Exercise goal:
Write out all the data verbatim. Skip images.

========

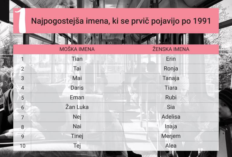 Tudi v Sloveniji starši izbirajo imena, ki jih še do nedavnega pri nas še ni bilo. Tako je najpogostejše žensko ime, ki se je prvič pojavilo po letu 1991, Erin. V Sloveniji živi 133 žensk s tem imenom. Med sodobnimi fantovskimi imeni je na prvem mestu Tian. S tem imenom se identificira 1.184 prebivalcev Slovenije.
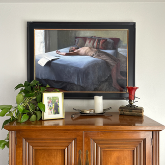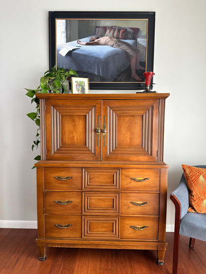 K (Kirsten Savage) is an AMAZING fine artist/ Oil painter, and created all of the art in the space. We wanted to reposition the pieces for a new feel so we opted to place the large portrait over the dresser across from the bed to give that side of the room a strong focal point and color pop. The small nude paintings found new homes in gold frames on either side of the bed to bring a touch of sexiness to the sleeping area. Gorgeous!
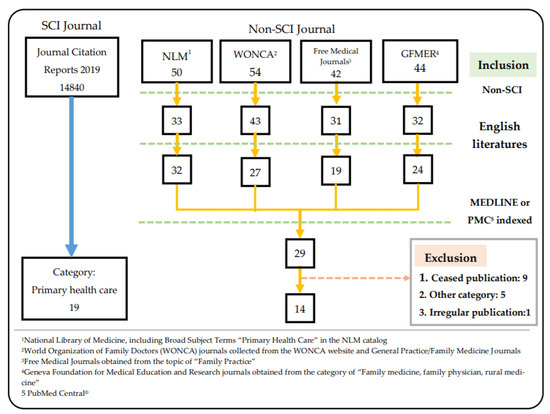 For the collection of non-SCI journals, we filtered the journals collected from different databases in the same way. First, all non-SCI journals were collected; then, all English journals were selected, and the duplicate journals were sorted, resulting in a total of 61 journals, and 29 journals were obtained after searching and comparing with the journal lists provided by MEDLINE [17] and PMC [18]. The status of each journal was reviewed manually, excluding nine journals that have been discontinued and five journals that belong to other disciplines, such as neurology and cardiology, or the Social Science Citation Index. Among them, although the Asia Pacific Family Medicine journal was indexed in PubMed, its publication was not included in PubMed in 2020, and the journal will be handled by WONCA in 2021, so it was listed as an irregular publication. Finally, a total of 14 non-SCI family medicine journals were included (Figure 1).
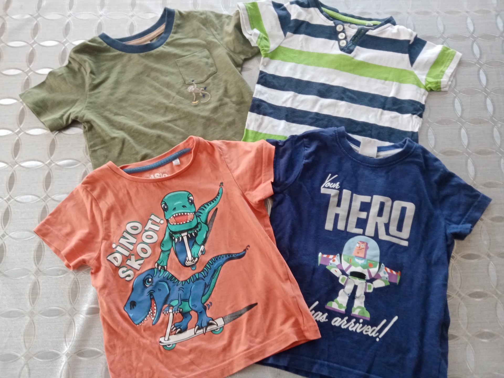 Sprzedam widoczne na zdjęciu koszulki z krótkim rękawem dla chłopca w rozmiarze 98. Stan idealny. Cena 20 zł za wszystko.
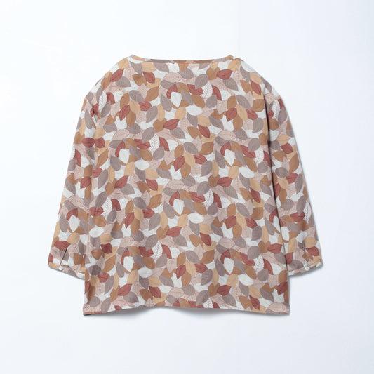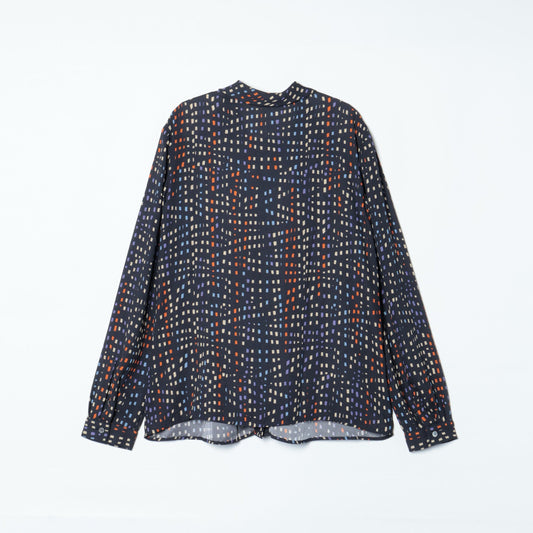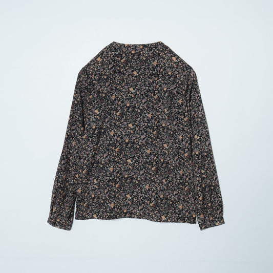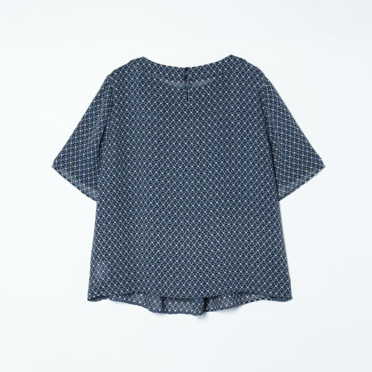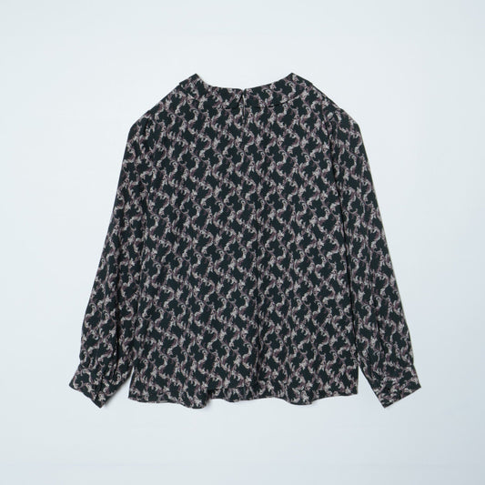 【L】バイヤスミニバードプリント 半袖ノーカラーブラウス
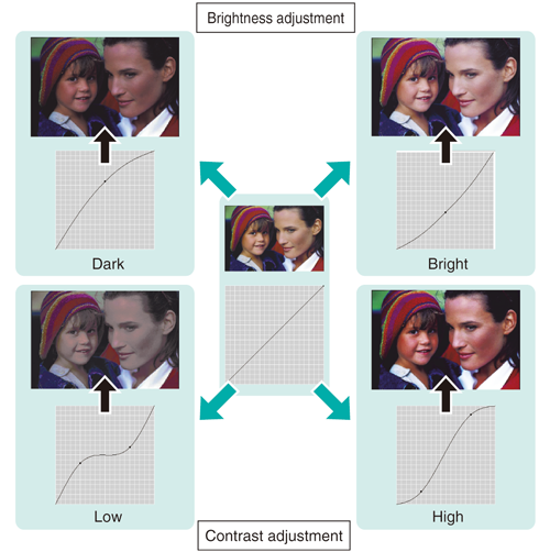 Using Color Centro, you can adjust the tone curve (I/O density curve for CMYK colors) to adjust the color tone, brightness, and contrast of the whole page.
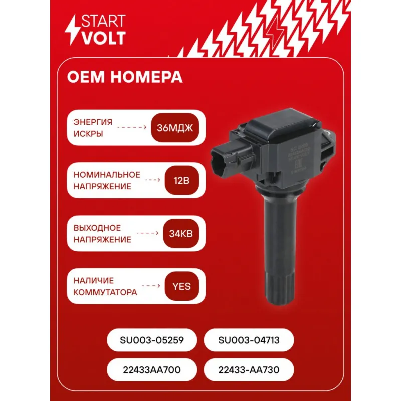 Катушка зажигания для автомобилей Subaru Outback BS (15-) 2.5i/Levorg (15-) 1.6i Характеристики: Артикул: SC 2200 OEM номера: 22433AA700, 22433-AA730, SU003-05259, SU003-04713 Количество контактов: 3 Выходное напряжение, кВ: 34 Наличие коммутатора: + Первичное сопротивление, Ом: - Вторичное сопротивление, кОм: - Первичная индуктивность, мН: - Вторичная индуктивность, Н: - Энергия искры, мДж: 36 Комплектация: Катушка зажигания - 1 шт Паспорт изделия/гарантийный талон - 1 шт Гарантия: от 1 года.
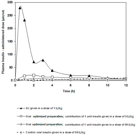 With that being said, the following could be noted from our plasma insulin profile: Cmax of the 50 IU/kg dose was approximately 3.5 fold higher than that of the 5 IU/kg dose. Both oral doses showed Tmax at 2 h, whereas the subcutaneous dose reached maximum concentration after 30 min. AUC were calculated and, as expected, that of the 50 IU/kg dose was higher, practically double, the 5 IU/kg dose (Table 4).
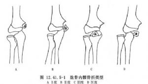 若骨折后无移位可非手术治疗,屈肘位石膏托固定6~8周。若骨折有明显移位者可行肱骨内髁骨折切开复位术手术治疗。
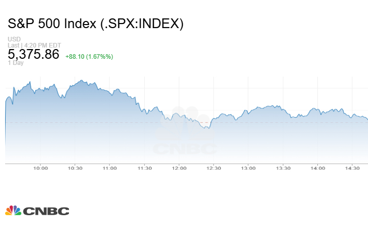 كما أغلق مؤشر S&P 500 التعاملات على صعود 88.10 نقطة أو بنسبة 1.67% إلى 5375.86 نقطة.
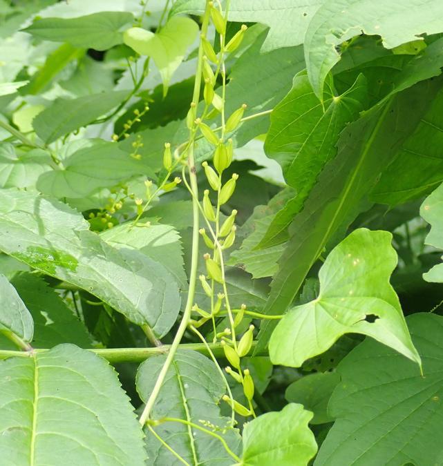 トレール沿いつる性の植物でヤマイモ繁茂。
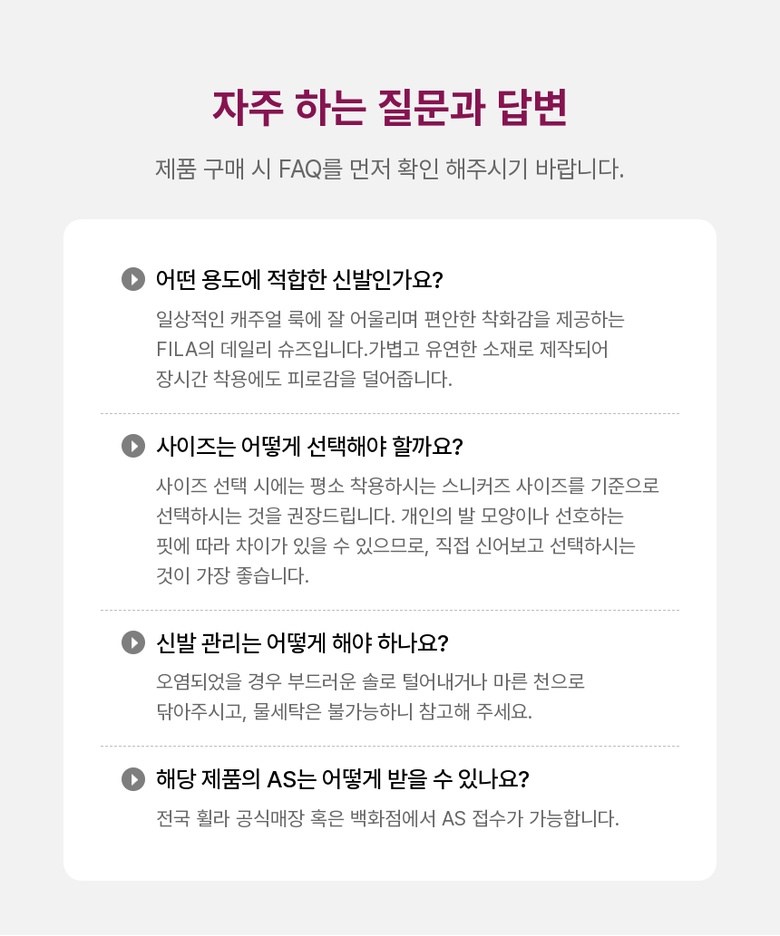 | 제품의 주소재(운동화인 경우에는 겉감,안감을 구분하여 표시) | 상품 상세페이지 참조 | 색상 | 상품 상세페이지 참조 |
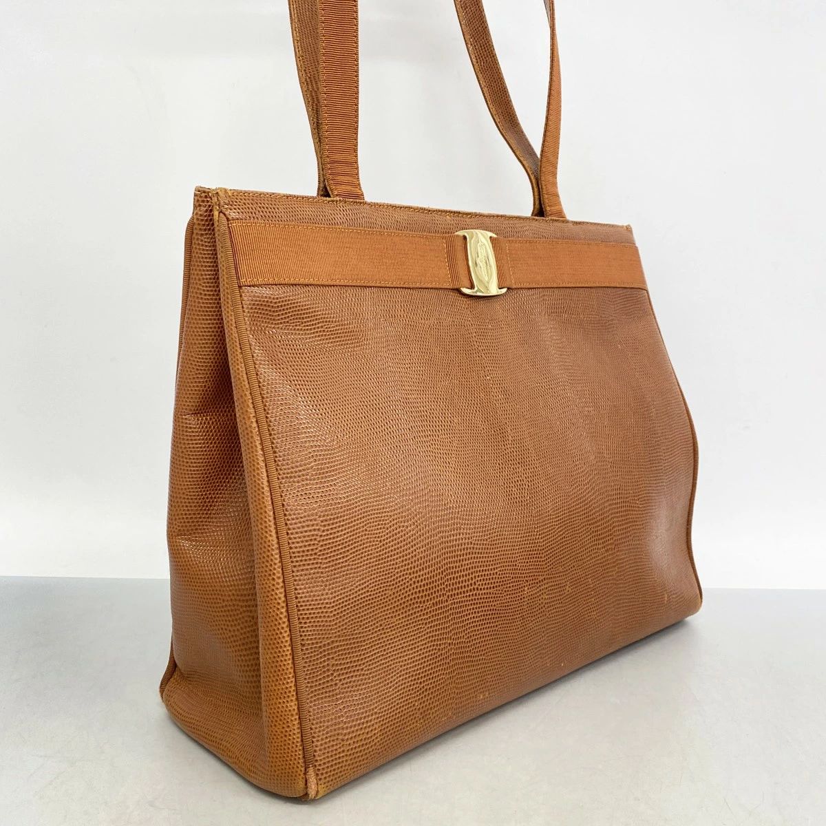 【5pd4944】サルヴァトーレフェラガモ ショルダーバッグ ヴァラ レザー ブラウン ゴールド金具【中古】レディース
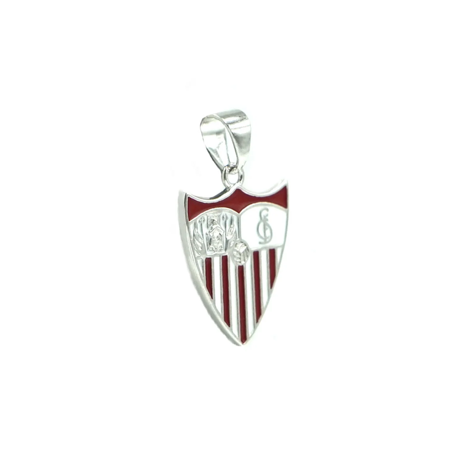 Precioso colgante de plata del Sevilla FC con escudo esmaltado a todo color con los colores blanquirrojos del Club. Esta pieza de la colección de joyería del Sevilla Fútbol Club es perfecta para cualquier sevillista, para coleccionistas y para regalar a aficionados.
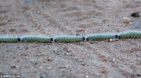 杰米-鲁尼今年38岁,来自英国巴克斯市小镇海威科姆,供职于一家网络销售公司。这一天,杰米与别的游客一起乘坐吉普车在南非著名的克鲁格国家公园游玩,但行驶过程中司机突然刹车,他们不知道发生了什么事情,纷纷下车一探究竟,结果就看到了这不可思议的一幕:大约136只毛毛虫首尾相连,一字排开横穿一条公路。
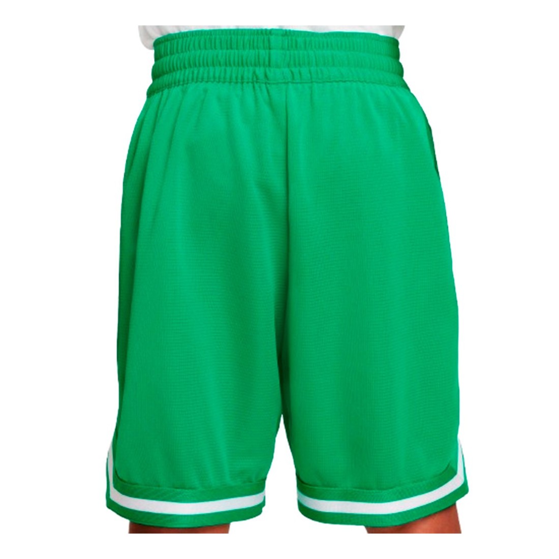 Pantaloncini junior Nike DNA Dri-FIT Stadium Green. Questi pantaloncini da basket spaziosi sono perfetti per tutto, dagli allenamenti in casa alle partite al parco con gli amici. Il confortevole tessuto a maglia allontana il sudore dalla pelle per mantenerti fresco e concentrato durante i dribbling, gli avanzamenti e il tiro decisivo. Inoltre, la tasca con cerniera tiene al sicuro i piccoli oggetti essenziali mentre si corre in campo per la prossima schiacciata.

========

Result for this task:
 Tudi v Sloveniji starši izbirajo imena, ki jih še do nedavnega pri nas še ni bilo. Tako je najpogostejše žensko ime, ki se je prvič pojavilo po letu 1991, Erin. V Sloveniji živi 133 žensk s tem imenom. Med sodobnimi fantovskimi imeni je na prvem mestu Tian. S tem imenom se identificira 1.184 prebivalcev Slovenije.
 K (Kirsten Savage) is an AMAZING fine artist/ Oil painter, and created all of the art in the space. We wanted to reposition the pieces for a new feel so we opted to place the large portrait over the dresser across from the bed to give that side of the room a strong focal point and color pop. The small nude paintings found new homes in gold frames on either side of the bed to bring a touch of sexiness to the sleeping area. Gorgeous!
 For the collection of non-SCI journals, we filtered the journals collected from different databases in the same way. First, all non-SCI journals were collected; then, all English journals were selected, and the duplicate journals were sorted, resulting in a total of 61 journals, and 29 journals were obtained after searching and comparing with the journal lists provided by MEDLINE [17] and PMC [18]. The status of each journal was reviewed manually, excluding nine journals that have been discontinued and five journals that belong to other disciplines, such as neurology and cardiology, or the Social Science Citation Index. Among them, although the Asia Pacific Family Medicine journal was indexed in PubMed, its publication was not included in PubMed in 2020, and the journal will be handled by WONCA in 2021, so it was listed as an irregular publication. Finally, a total of 14 non-SCI family medicine journals were included (Figure 1).
 Sprzedam widoczne na zdjęciu koszulki z krótkim rękawem dla chłopca w rozmiarze 98. Stan idealny. Cena 20 zł za wszystko.
 【L】バイヤスミニバードプリント 半袖ノーカラーブラウス
 Using Color Centro, you can adjust the tone curve (I/O density curve for CMYK colors) to adjust the color tone, brightness, and contrast of the whole page.
 Катушка зажигания для автомобилей Subaru Outback BS (15-) 2.5i/Levorg (15-) 1.6i Характеристики: Артикул: SC 2200 OEM номера: 22433AA700, 22433-AA730, SU003-05259, SU003-04713 Количество контактов: 3 Выходное напряжение, кВ: 34 Наличие коммутатора: + Первичное сопротивление, Ом: - Вторичное сопротивление, кОм: - Первичная индуктивность, мН: - Вторичная индуктивность, Н: - Энергия искры, мДж: 36 Комплектация: Катушка зажигания - 1 шт Паспорт изделия/гарантийный талон - 1 шт Гарантия: от 1 года.
 With that being said, the following could be noted from our plasma insulin profile: Cmax of the 50 IU/kg dose was approximately 3.5 fold higher than that of the 5 IU/kg dose. Both oral doses showed Tmax at 2 h, whereas the subcutaneous dose reached maximum concentration after 30 min. AUC were calculated and, as expected, that of the 50 IU/kg dose was higher, practically double, the 5 IU/kg dose (Table 4).
 若骨折后无移位可非手术治疗,屈肘位石膏托固定6~8周。若骨折有明显移位者可行肱骨内髁骨折切开复位术手术治疗。
 كما أغلق مؤشر S&P 500 التعاملات على صعود 88.10 نقطة أو بنسبة 1.67% إلى 5375.86 نقطة.
 トレール沿いつる性の植物でヤマイモ繁茂。
 | 제품의 주소재(운동화인 경우에는 겉감,안감을 구분하여 표시) | 상품 상세페이지 참조 | 색상 | 상품 상세페이지 참조 |
 【5pd4944】サルヴァトーレフェラガモ ショルダーバッグ ヴァラ レザー ブラウン ゴールド金具【中古】レディース
 Precioso colgante de plata del Sevilla FC con escudo esmaltado a todo color con los colores blanquirrojos del Club. Esta pieza de la colección de joyería del Sevilla Fútbol Club es perfecta para cualquier sevillista, para coleccionistas y para regalar a aficionados.
 杰米-鲁尼今年38岁,来自英国巴克斯市小镇海威科姆,供职于一家网络销售公司。这一天,杰米与别的游客一起乘坐吉普车在南非著名的克鲁格国家公园游玩,但行驶过程中司机突然刹车,他们不知道发生了什么事情,纷纷下车一探究竟,结果就看到了这不可思议的一幕:大约136只毛毛虫首尾相连,一字排开横穿一条公路。
 Pantaloncini junior Nike DNA Dri-FIT Stadium Green. Questi pantaloncini da basket spaziosi sono perfetti per tutto, dagli allenamenti in casa alle partite al parco con gli amici. Il confortevole tessuto a maglia allontana il sudore dalla pelle per mantenerti fresco e concentrato durante i dribbling, gli avanzamenti e il tiro decisivo. Inoltre, la tasca con cerniera tiene al sicuro i piccoli oggetti essenziali mentre si corre in campo per la prossima schiacciata.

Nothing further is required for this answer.